You know a film that has become a huge hit because of it's irreverent and edgy humor has jumped the shark when portions of it are used in a Sunday morning church sermon.
And that very thing happened, last week, at the church I attend. The minister--to a chorus of giggles and guffaws--successfully used a scene from Ricky Bobby to illustrate a point he was making about how some Christians pick and choose how to view Jesus.
In one of the funniest scenes in the movie, Ricky Bobby says a prayer over a semi-formal meal, and addresses it to "Dear sweet baby Jesus." When his shrew-like yet beautiful-on-the-outside wife chastises him for praying to a baby rather than the grown-up Jesus, Ricky Bobby explains the innocent baby image is his favorite way to view Christ, and he will pray to whatever version of The Messiah he wants.
It's a very funny scene.
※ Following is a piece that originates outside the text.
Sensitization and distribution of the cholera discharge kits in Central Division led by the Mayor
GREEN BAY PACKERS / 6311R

Maybe the funniest in the movie. The problem for me is, it happens too early in the film. The rest of Talladega Nights, for me at least, was a disappointment.
Will Ferrell is consistently funny, and he is terrific in this role. John C. Reilly is great in the supporting role of best friend Cal Naughton, Jr. (Isn't that a great NASCAR name?) And Gary Cole's character, Reese Cole, gets too little screen time. His character was complex and darkly funny.
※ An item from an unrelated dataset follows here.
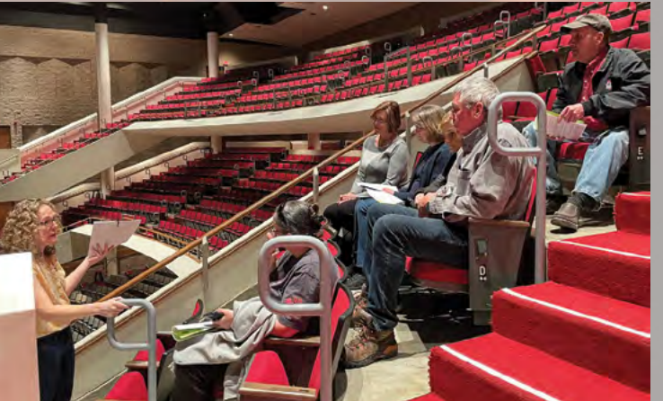
New volunteer training

But, the film fell flat for me after the first hour. I thought it dragged on too long, had too many sub-plots and relied too heavily on redneck-poking for jokes.
My expectations for this movie may have been influenced by the "Oh, my gawd...have you seen Ricky Bobby yet!?!" buzz about the flick.
I expected it would knock my socks off. But, as much as I like Ferrell's comedies, I thought Talladega Nights was only average.